* **Exercise prompt**:
Starting at the line that holds "3、点击左上角就直接进入竖版" and stopping at the line that holds "Zustand: Viel gebraucht", restate the records below word for word, with both of those lines included.

* **Materials provided**:

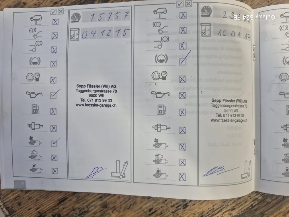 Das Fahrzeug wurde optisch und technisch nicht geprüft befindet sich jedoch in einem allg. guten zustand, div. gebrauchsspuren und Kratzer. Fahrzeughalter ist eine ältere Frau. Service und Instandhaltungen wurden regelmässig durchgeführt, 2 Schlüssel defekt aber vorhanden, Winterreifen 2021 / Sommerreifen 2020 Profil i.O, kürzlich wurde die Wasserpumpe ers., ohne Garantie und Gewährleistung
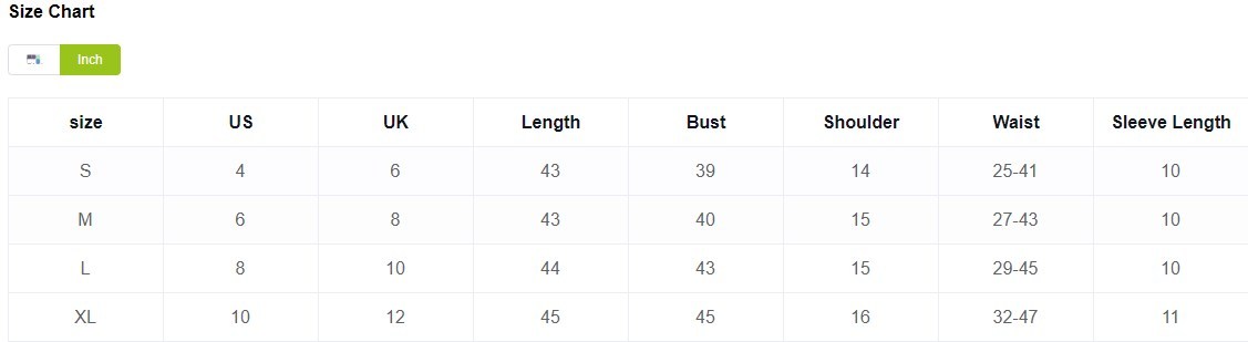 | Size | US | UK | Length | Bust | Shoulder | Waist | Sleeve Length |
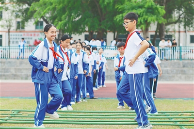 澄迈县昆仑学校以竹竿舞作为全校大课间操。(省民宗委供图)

==

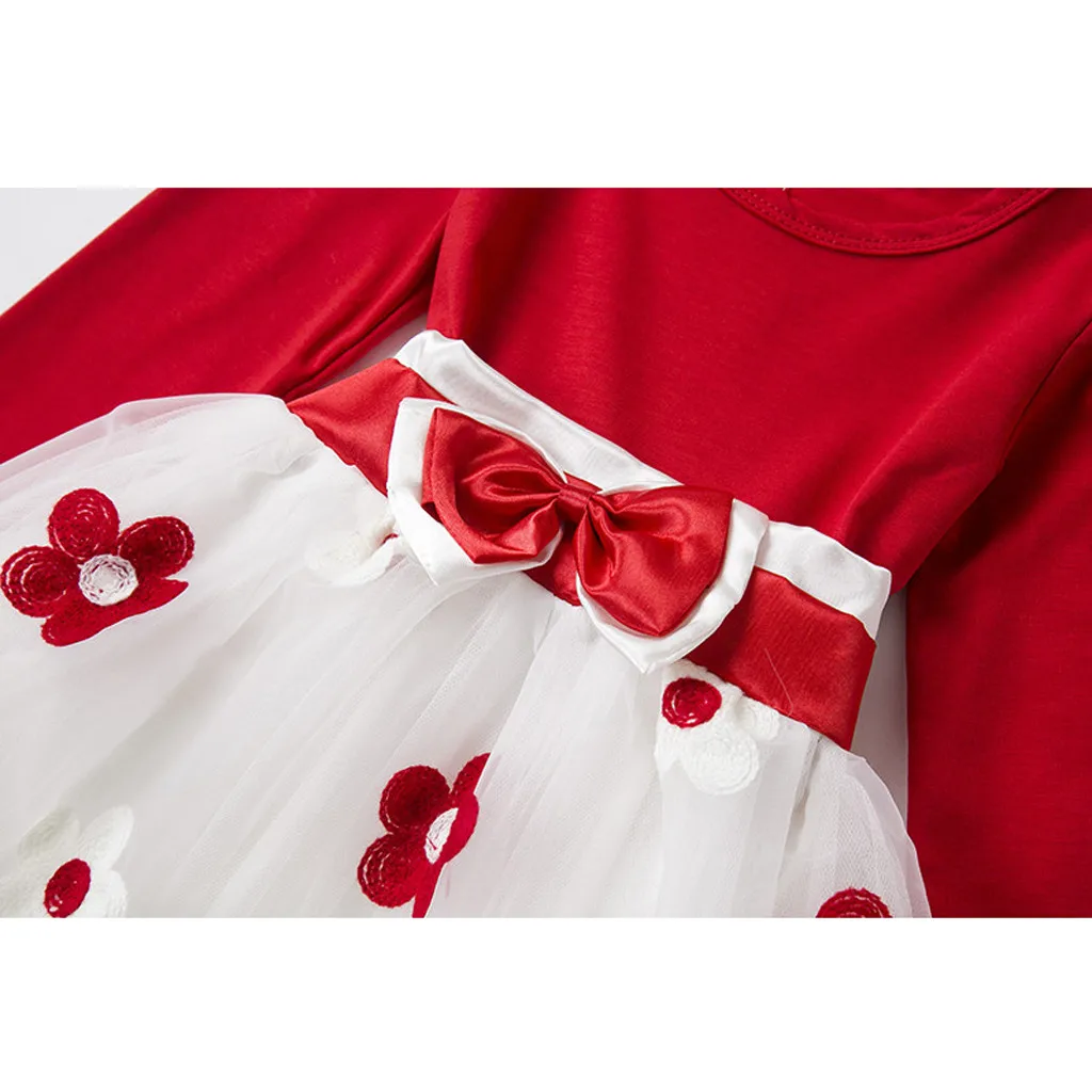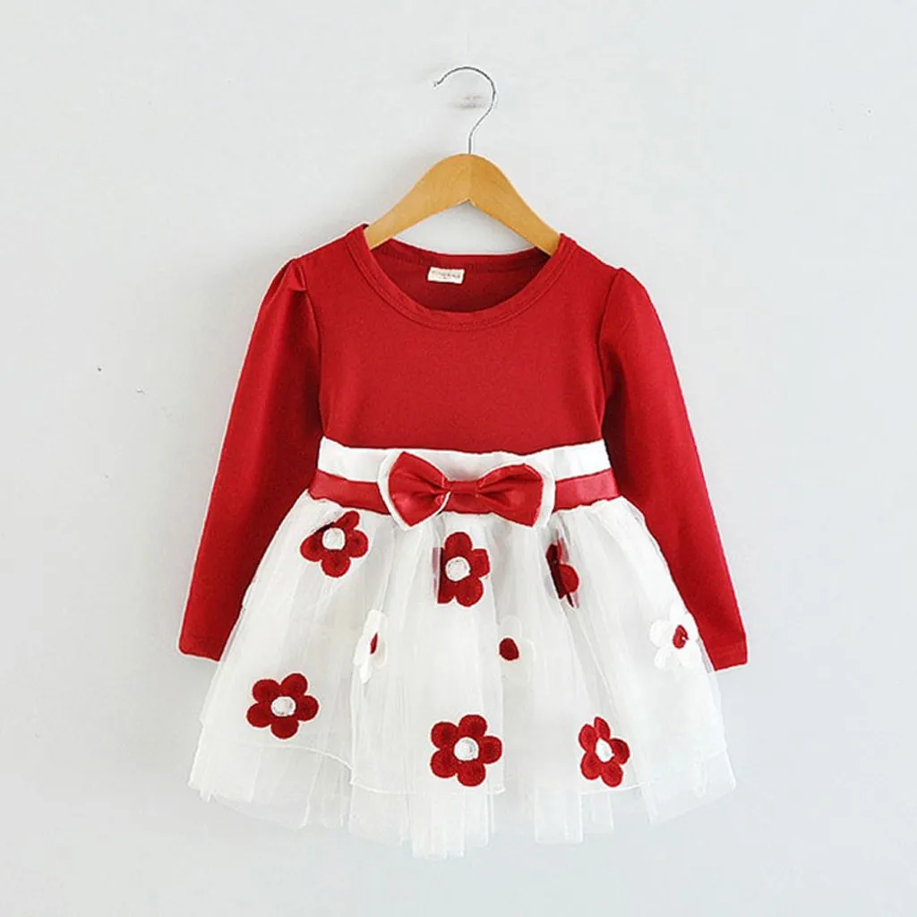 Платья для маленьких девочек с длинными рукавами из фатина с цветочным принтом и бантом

---

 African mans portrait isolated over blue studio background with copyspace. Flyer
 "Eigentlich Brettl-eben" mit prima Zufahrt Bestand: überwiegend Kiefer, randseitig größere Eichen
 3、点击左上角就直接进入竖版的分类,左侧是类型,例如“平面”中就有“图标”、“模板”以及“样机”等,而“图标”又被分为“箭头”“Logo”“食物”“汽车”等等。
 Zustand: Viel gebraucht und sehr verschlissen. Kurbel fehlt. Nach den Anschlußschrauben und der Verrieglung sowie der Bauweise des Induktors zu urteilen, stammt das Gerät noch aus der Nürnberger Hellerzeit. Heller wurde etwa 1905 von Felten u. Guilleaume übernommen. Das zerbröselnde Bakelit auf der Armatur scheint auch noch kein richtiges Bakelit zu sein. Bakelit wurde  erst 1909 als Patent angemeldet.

* **Result**:
 3、点击左上角就直接进入竖版的分类,左侧是类型,例如“平面”中就有“图标”、“模板”以及“样机”等,而“图标”又被分为“箭头”“Logo”“食物”“汽车”等等。
 Zustand: Viel gebraucht und sehr verschlissen. Kurbel fehlt. Nach den Anschlußschrauben und der Verrieglung sowie der Bauweise des Induktors zu urteilen, stammt das Gerät noch aus der Nürnberger Hellerzeit. Heller wurde etwa 1905 von Felten u. Guilleaume übernommen. Das zerbröselnde Bakelit auf der Armatur scheint auch noch kein richtiges Bakelit zu sein. Bakelit wurde  erst 1909 als Patent angemeldet.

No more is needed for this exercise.